Actin-interacting proteins are important molecules for filament assembly and cytoskeletal signaling within vascular endothelium. Disruption in their interactions causes endothelial pathogenesis through redox imbalance. Actin filament redox regulation remains largely unexplored, in the context of pharmacological treatment. This work focused on the peptidyl methionine (M) redox regulation of actin-interacting proteins, aiming at elucidating its role on governing antioxidative signaling and response. Endothelial EA.hy926 cells were subjected to treatment with salvianolic acid B (Sal B) and tert-butyl-hydroperoxide (tBHP) stimulation. Mass spectrometry was employed to characterize redox status of proteins, including actin, myosin-9, kelch-like erythroid-derived cap-n-collar homology-associated protein 1 (Keap1), plastin-3, prelamin-A/C and vimentin. The protein redox landscape revealed distinct stoichiometric ratios or reaction site transitions mediated by M sulfoxide reductase and reactive oxygen species. In comparison with effects of tBHP stimulation, Sal B treatment prevented oxidation at actin M325, myosin-9 M1489/1565, Keap1 M120, plastin-3 M592, prelamin-A/C M187/371/540 and vimentin M344. For Keap1, reaction site was transitioned within its scaffolding region to the actin ring. These protein M oxidation regulations contributed to the Sal B cytoprotective effects on actin filament. Additionally, regarding the Keap1 homo-dimerization region, Sal B preventive roles against M120 oxidation acted as a primary signal driver to activate nuclear factor erythroid 2-related factor 2 (Nrf2). Transcriptional splicing of non-POU domain-containing octamer-binding protein was validated during the Sal B-mediated overexpression of NAD(P)H dehydrogenase [quinone] 1. This molecular redox regulation of actin-interacting proteins provided valuable insights into the phenolic structures of Sal B analogs, showing potential antioxidative effects on vascular endothelium.

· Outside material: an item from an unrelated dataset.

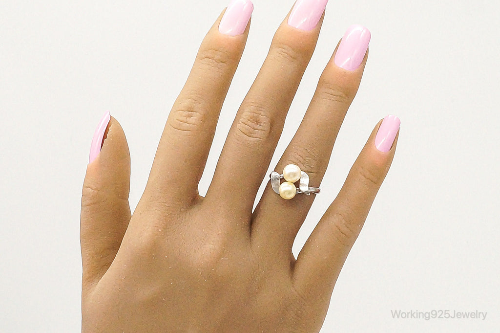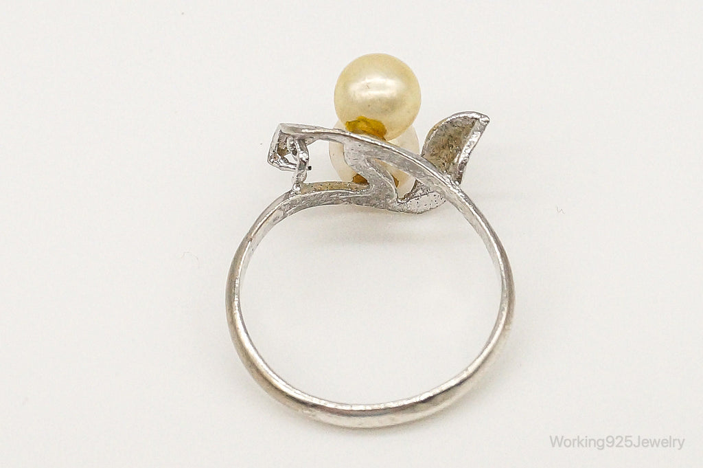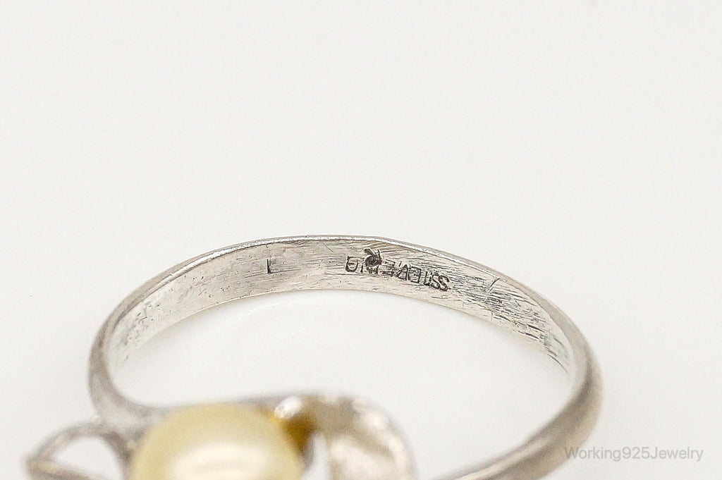 Antique Faux Pearl Sterling Silver Ring - Size 7

肌动蛋白相互作用蛋白是血管内皮内丝组装和细胞骨架信号传导的重要分子。它们相互作用的破坏通过氧化还原失衡导致内皮发病机制。在药物治疗的背景下，肌动蛋白丝氧化还原调节在很大程度上仍未被探索。这项工作重点关注肌动蛋白相互作用蛋白的肽基甲硫氨酸（M）氧化还原调节，旨在阐明其在控制抗氧化信号和反应中的作用。内皮 EA.hy926 细胞接受丹酚酸 B (Sal B) 和叔丁基过氧化氢 (tBHP) 刺激处理。采用质谱法表征蛋白质的氧化还原状态，包括肌动蛋白、肌球蛋白-9、kelch 样红系衍生的 cap-n-collar 同源相关蛋白 1 (Keap1)、plastin-3、prelamin-A/C 和波形蛋白。蛋白质氧化还原景观揭示了由 M 亚砜还原酶和活性氧介导的不同化学计量比或反应位点转变。与 tBHP 刺激的效果相比，Sal B 处理可防止肌动蛋白 M325、肌球蛋白-9 M1489/1565、Keap1 M120、plastin-3 M592、prelamin-A/C M187/371/540 和波形蛋白 M344 的氧化。对于 Keap1，反应位点在其支架区域内转移至肌动蛋白环。这些蛋白质 M 氧化调节有助于 Sal B 对肌动蛋白丝的细胞保护作用。此外，对于 Keap1 同源二聚化区域，Sal B 对 M120 氧化的预防作用是激活核因子红细胞 2 相关因子 2 (Nrf2) 的主要信号驱动因素。 在 Sal B 介导的 NAD( P )H 脱氢酶 [醌] 1 过表达过程中，验证了包含非 POU 结构域的八聚体结合蛋白的转录剪接。肌动蛋白相互作用蛋白的这种分子氧化还原调节为酚类结构提供了有价值的见解Sal B 类似物，显示出对血管内皮的潜在抗氧化作用。